The job numbers can be considered positive only in the context of a miserable half-decade of economic growth, and they are obviously convenient for President Obama, who suffered a humiliating defeat in his debate with Republican challenger Mitt Romney Wednesday. Does that mean the numbers are cooked?
Former General Electric CEO Jack Welch seems to think so. "Unbelievable jobs numbers.." Welch tweets. "these Chicago guys will do anything..can't debate so change numbers."
This doesn't make a whole lot of sense: If the Obama administration was gaming the numbers, why didn't they do it before? And the BLS, while it is a division of the government and thus subject to political pressure, is staffed generally by career apparatchiks whose work, as I noted in a print column a while back, is extremely thorough and, by government standards, pretty transparent. Granted the Obama team's recent hanky panky with the Lockheed layoffs does not inspire much confidence in their ability to refrain from squeezing economic data, but if there's been an effort to cook the numbers we should see more smoke.
Here's a good rebuttal to Welch's claim from Lawrence Mishel of the Economic Policy Institute, who points out that the most damning case against the Bureau of Labor Statistics' claim — that the economy only added 114,000 jobs in September, seemingly not enough to account for such a precipitous drop — doesn't mean much. Single-month discrepancies of this type are not uncommon. (Related: These monthly numbers are subject to frequent revision, so the steep drop may look less impressive over time.) Labor force participation is also up, so this is not another case of large numbers of workers just leaving the work force. And unemployment claims have been rising lately. So if we leave out the conspiracy, we still have a puzzlement: Where are all these newly employed workers working?
The answer can probably be found in a combination of the unadjusted nature of the monthly data, and the fact that, this drop aside, the jobs picture is still an ugly piece of modern art. At the American Enterprise Institute, James Pethokoukis says you don't need to smell any rats to know that the labor economy still stinks:
Only in an era of depressingly diminished expectations could the September jobs report be called a good one. It really isn't. Not at all… Yes, the U-3 unemployment rate fell to 7.8%, the first time it has been below 8% since January 2009. But that's only due to a flood of 582,000 part-time jobs… Over the past 12 months, average hourly earnings have risen by just 1.8 percent. When you take inflation into account, wages are flat to down…. The broader U-6 rate — which takes into account part-time workers who want full-time work and lots of discouraged workers who've given up looking — stayed unchanged at 14.7%. That's a better gauge of the true unemployment rate and state of the American labor market. The shrunken workforce remains shrunken. If the labor force participation rate was the same as when President Obama took office, the unemployment rate would be 10.7%. If the participation rate had just stayed steady since the start of the year, the unemployment rate would be 8.4% vs. 8.3%… The 114,000 jobs created would have been a good number … but for 1962, not 2012. The U.S. economy needs 2-3 times that number every month to close the jobs gap (which is the number of jobs that the U.S. economy needs to create in order to return to pre-recession employment levels while also absorbing the people who enter the labor force each month.)… We are still on pace to create fewer jobs this year than last year.

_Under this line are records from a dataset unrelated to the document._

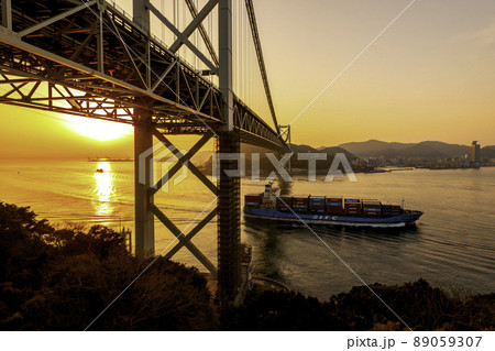 朝陽と関門大橋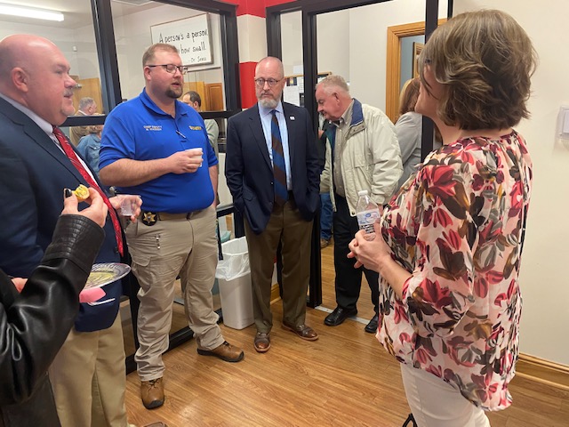 TOP PHOTO: Several people attended Thursday’s Coffee Connection hosted by the Campbell County Children’s Center. (Left to right) Sheriff Robbie Goins, Chief Deputy Matt Wasson, Children’s Center Board of Directors Member Mark Cain, CEO of La Follette Medical Center along with active community volunteer Larry Tanis and Tracie Davis, Executive Director of the Campbell County Children’s Center.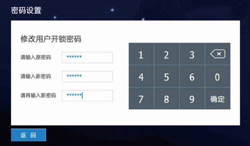 1)可設置1、用戶開鎖密碼,2、用戶挾持開鎖密碼,3、用戶撤防密碼,4、用戶挾持撤防密碼,1與2相同,3與4相同且和1逆序,密碼1與2不能和3與4相同,例如密碼1和密碼2為“123456”,那么密碼3與密碼4為654321,密碼合理。若密碼1和密碼2為123321,那么密碼不合理,設置失敗。如圖3.7.6: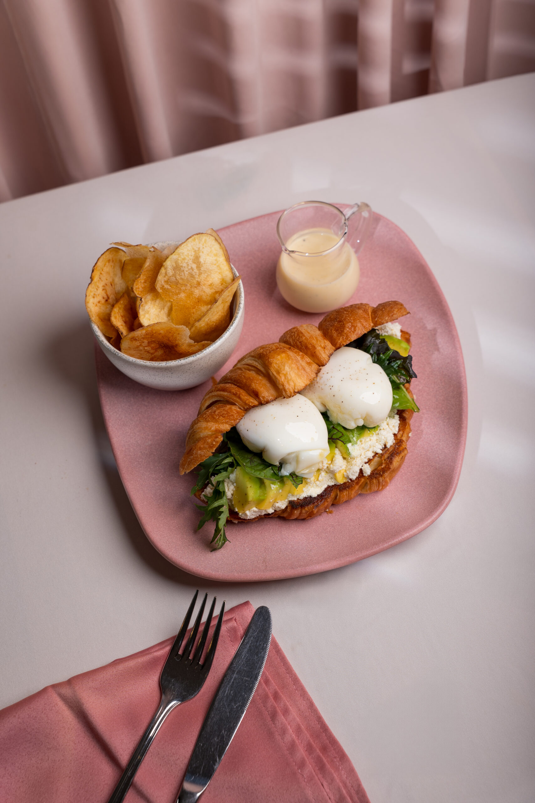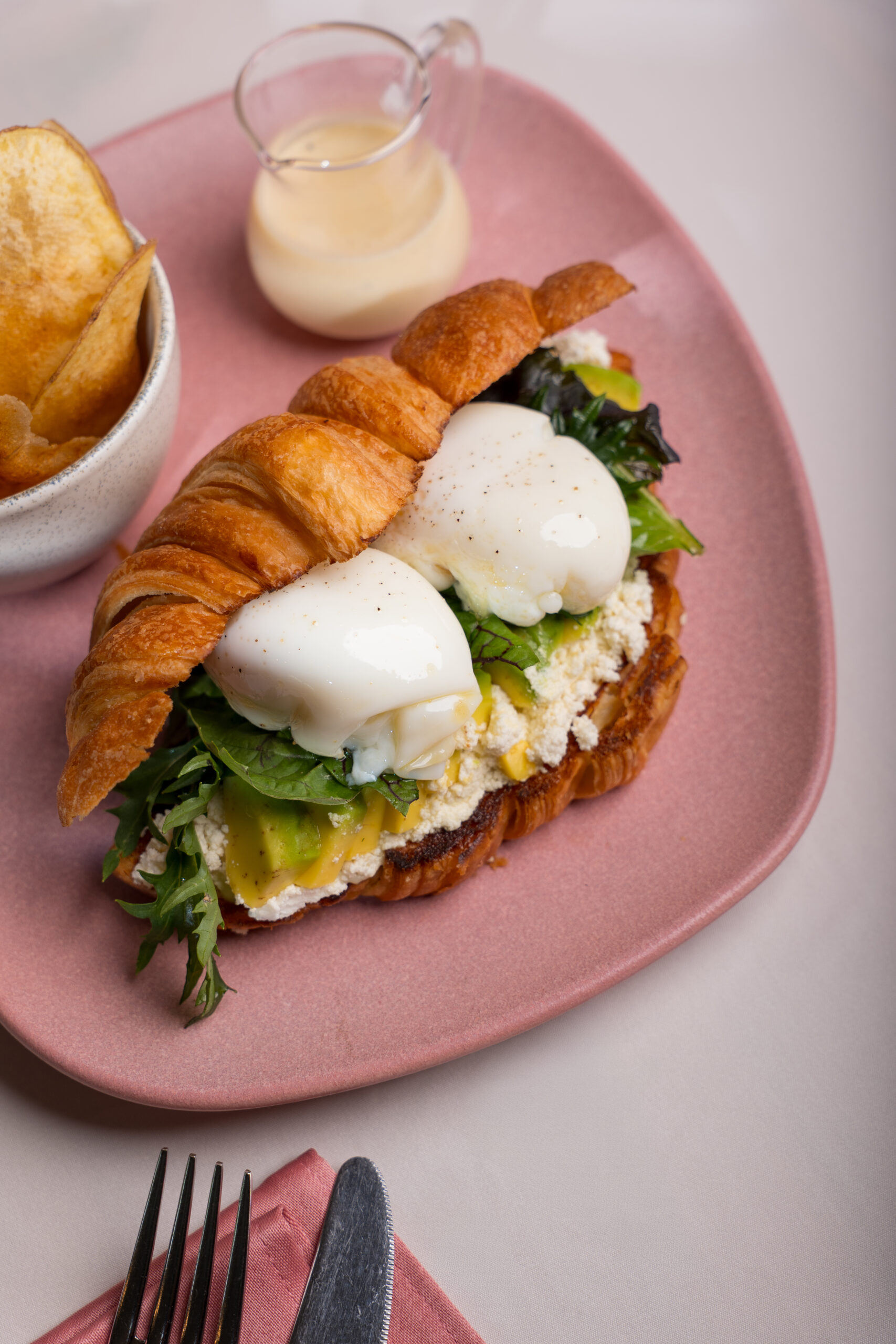 Croissant relleno de queso ricota, aguacate, huevos pochados bañado en salsa de quesos al gusto.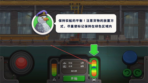 1、保持驳船平衡,注意货物放置方式,尽量使标记保持在绿色区域内。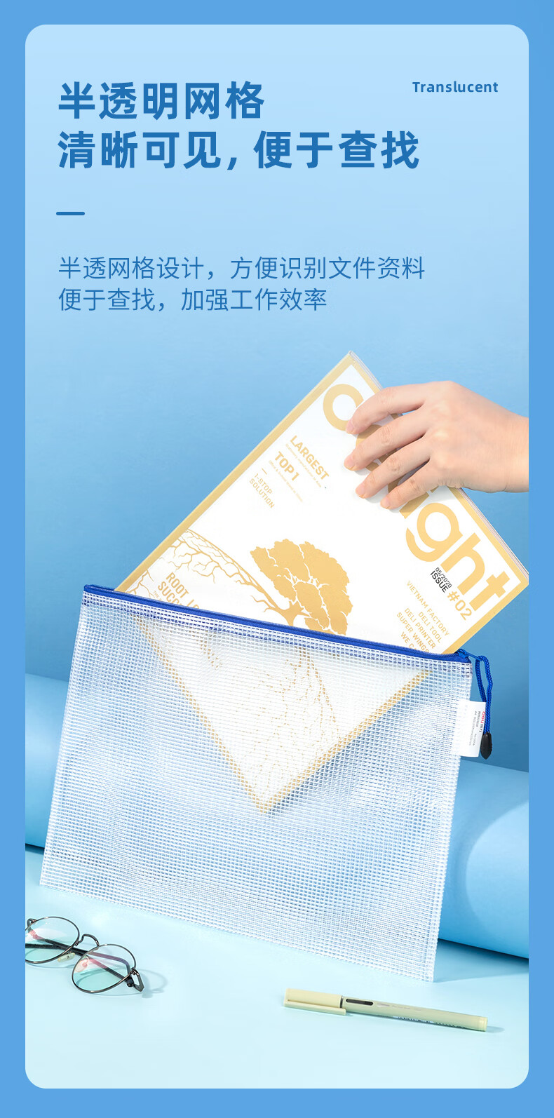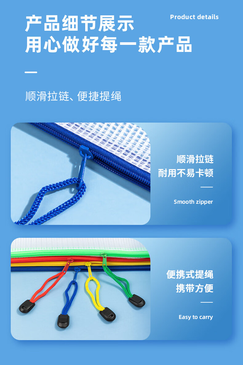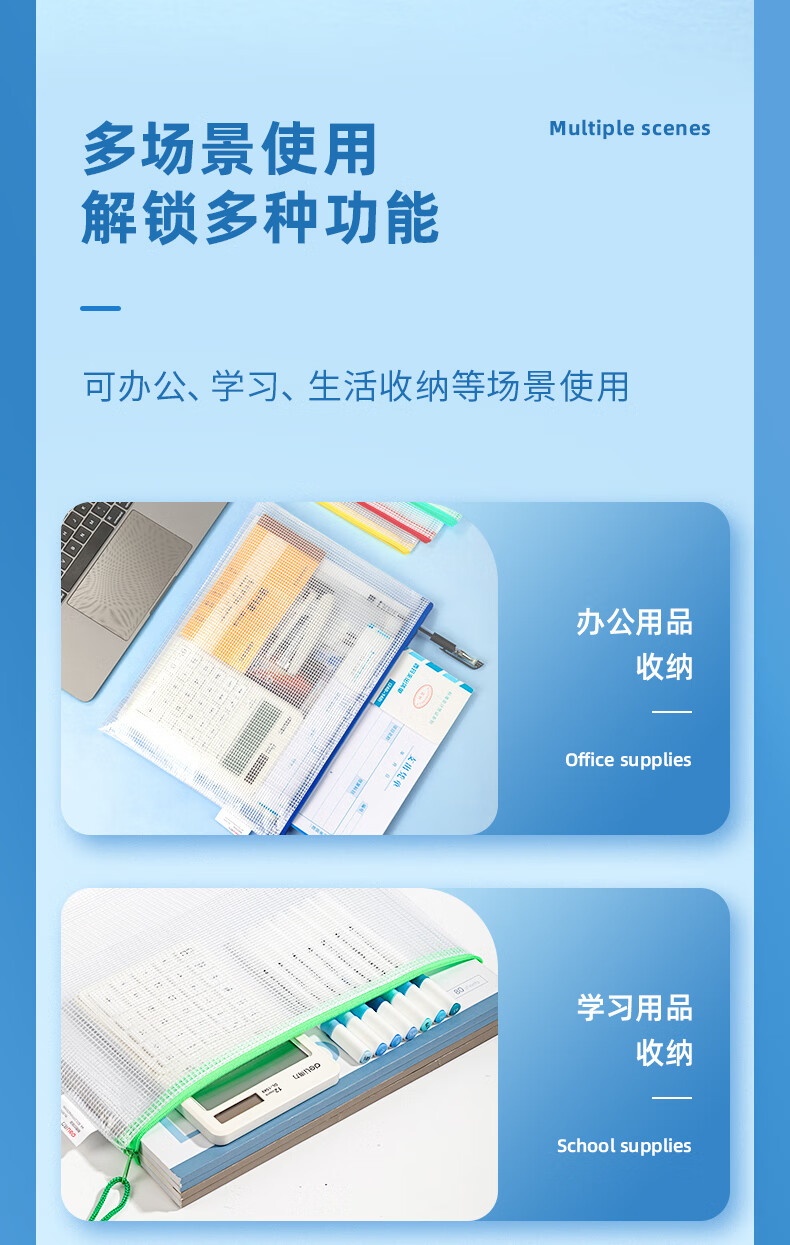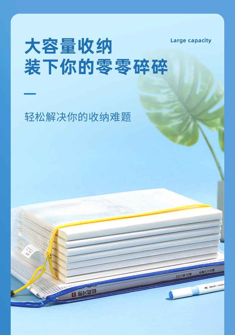 齊心(COMIX) A1154 A4 防潮網(wǎng)格拉鏈袋/文件袋/資料袋 顏色隨機 10個/包

In any event, it would be several summers of recovery too late for Obama to take credit for what is still a high unemployment rate. The Keynesian economic rescue packages, which started before Obama took office, have been in place for many years to no (or actually negative) discernible effect. The members of Obama's economic brain trust are almost totally gone, replaced by humbler figures promising much less. To say Obama can take credit for the improvement in unemployment is like saying the plot to kill Hitler worked because eventually he died.